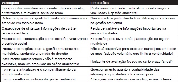 Dando continuidade aos resultados obtidos, o estudo das características do IAA, principal instrumento de operacionalização dessa política pública ambiental, demonstrou que o mesmo constitui uma tentativa de definir institucionalmente e, em grande escala, uma agenda ambiental mínima aos municípios capaz de promover a qualidade de vida da população. Por outro lado, promove-se uma padronização da realidade ambiental, sendo passível de críticas por apresentar propriedades tidas como “não-desejáveis” em um indicador, principalmente pelas alterações em sua construção metodológica ao longo dos anos. O Quadro 4 sintetiza as vantagens e limitações observadas a partir da análise do IAA.
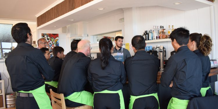 O vigués acudiu ao local do Pénjamo SunBar, na Praia de Patos, para dar unha clase maxistral de máis de dúas horas ás persoas alí presentes, que puideron aprender moito do mellor barista do país, que concorreu ao certame como subcampión Barista de Galicia e que se impuxo a outros 15 aspirantes.
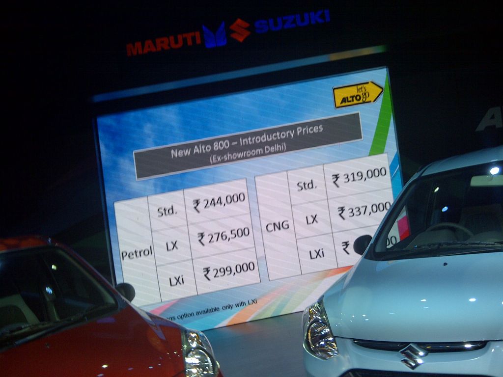 Maruti Suzuki is launching its all new Alto 800 in New Delhi today. The prices for all the variants of the new car are as stated below (Ex-Delhi)
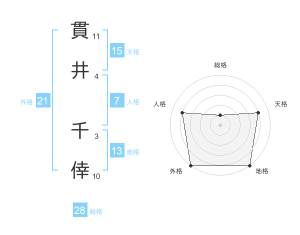 貫井 千倖さんの外格は21画の5点!
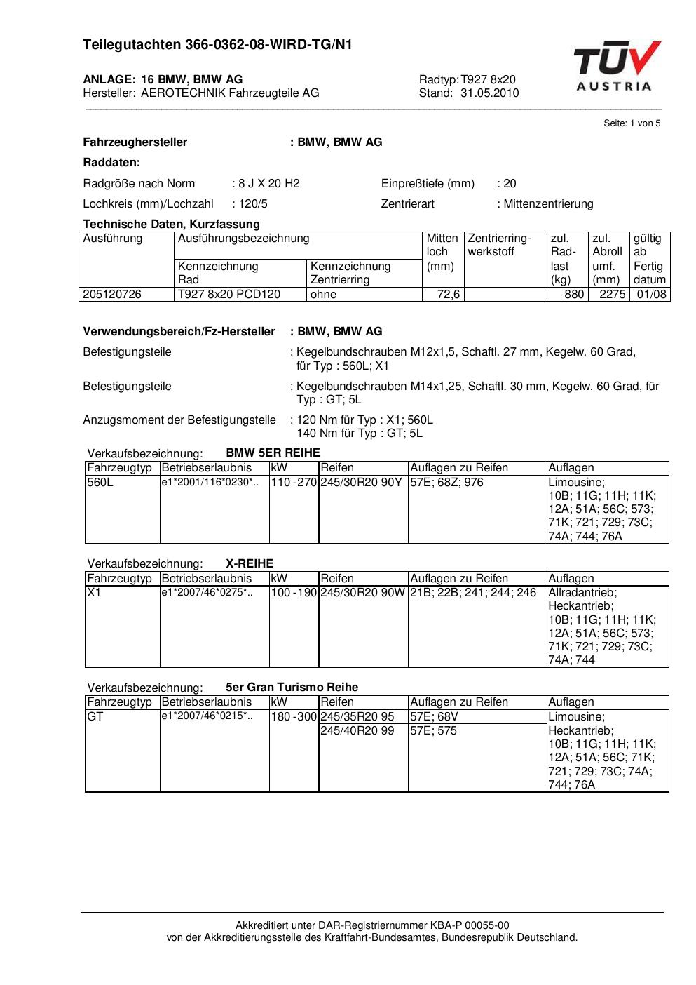 teilegutachten au ATS T927 8x20
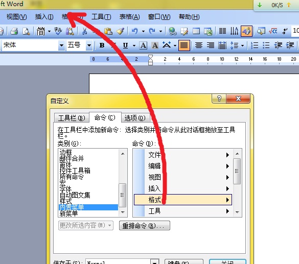 在菜单栏空白处右击(在“帮助”后边就行),选择“自定义”,打开对话框,如下图所示:
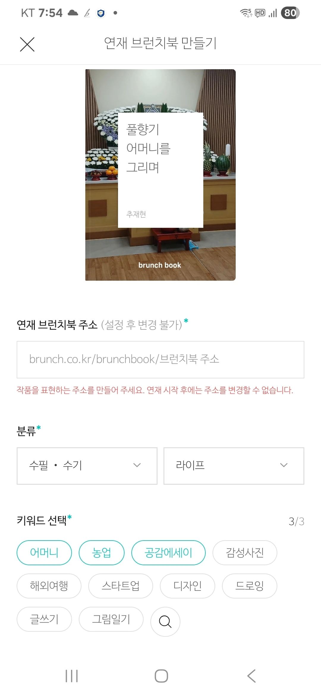 누르지 못하고 지금처럼 자유롭게 내가 쓰고 싶은 시간대에 쓰다가 글이 30개 정도 모이면 두 번째 북을
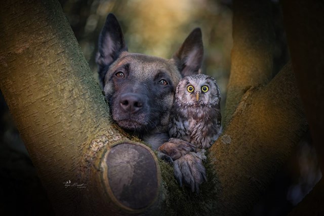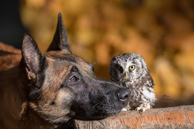 Imaginarse una posible amistad entre un perro y un animal con plumas como un búho es, tal vez, pedir demasiado. Normalmente, estas especies no interactúan mucho, pero las fotografías de la fotógrafa alemana, Tanja Brandt nos demuestran que la amistad, como tal, puede superar cualquier obstáculo por imposible que parezca.
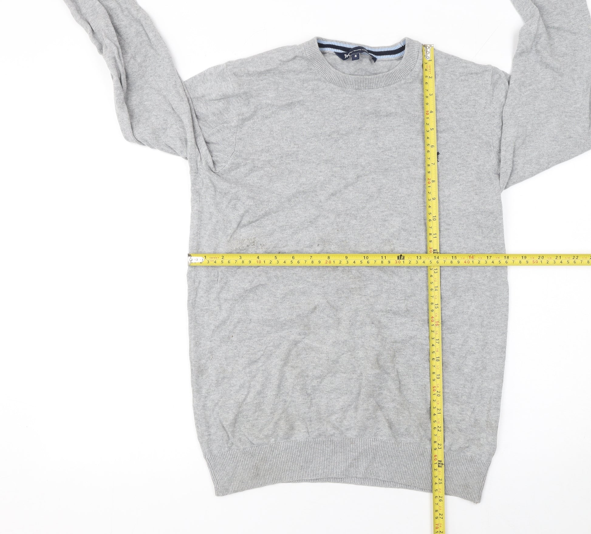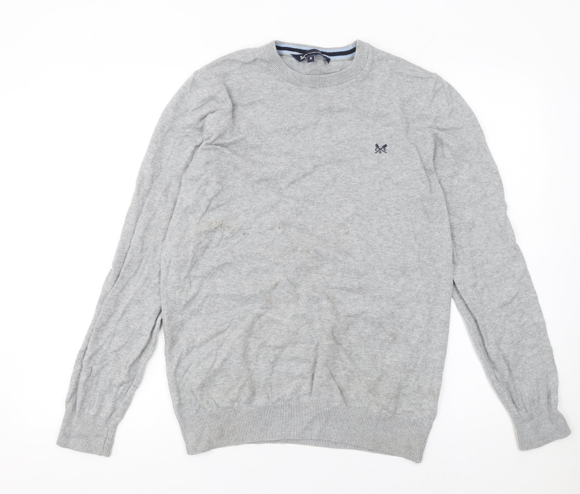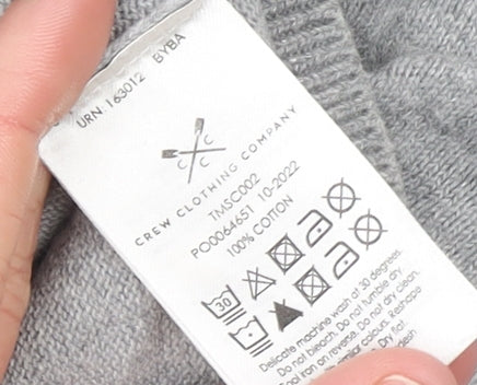 This stylish grey jumper from Crew Clothing Company is a timeless wardrobe essential for any man seeking both comfort and sophistication. Crafted entirely from soft, breathable cotton, this crew neck pullover offers an easy, relaxed fit that’s perfect for layering or wearing on its own. The classic grey colour makes it highly versatile, pairing effortlessly with jeans, chinos or trousers for a refined yet casual look that suits any season.The simple design is enhanced by the brand’s signature logo embroidered on the chest, adding a subtle touch of distinction. With a ribbed hem, cuffs, and neckline, this jumper retains its shape and gives a neat finish while keeping you comfortable throughout the day. The lightweight knit construction makes it suitable for autumn, winter, and spring wear, ensuring year-round practicality.While the jumper shows some light marks and signs of use, it remains in good wearable condition and offers the same dependable quality Crew Clothing Company is known for. Ideal for casual outings, weekends away, or relaxed days at work, it’s a reliable piece that balances style with comfort.A perfect layering item under jackets or over shirts, this men’s pullover jumper is a must-have for those who appreciate understated elegance and durability. Easy to care for and machine washable, it delivers effortless maintenance along with enduring everyday wearability. The combination of timeless design, classic fit, and quality cotton fabric ensures it remains a smart addition to any modern man’s collection.

····················

- _TASK TO CARRY OUT_
Nothing outside the stretch above, from the line with "teilegutachten au ATS T927 8x20" through the line with "Imaginarse una posible", is set down. Transcribe that stretch exactly, ends included, but not its pictures.

- _RESPONSE FOR THIS EXERCISE_
 teilegutachten au ATS T927 8x20
 在菜单栏空白处右击(在“帮助”后边就行),选择“自定义”,打开对话框,如下图所示:
 누르지 못하고 지금처럼 자유롭게 내가 쓰고 싶은 시간대에 쓰다가 글이 30개 정도 모이면 두 번째 북을
 Imaginarse una posible amistad entre un perro y un animal con plumas como un búho es, tal vez, pedir demasiado. Normalmente, estas especies no interactúan mucho, pero las fotografías de la fotógrafa alemana, Tanja Brandt nos demuestran que la amistad, como tal, puede superar cualquier obstáculo por imposible que parezca.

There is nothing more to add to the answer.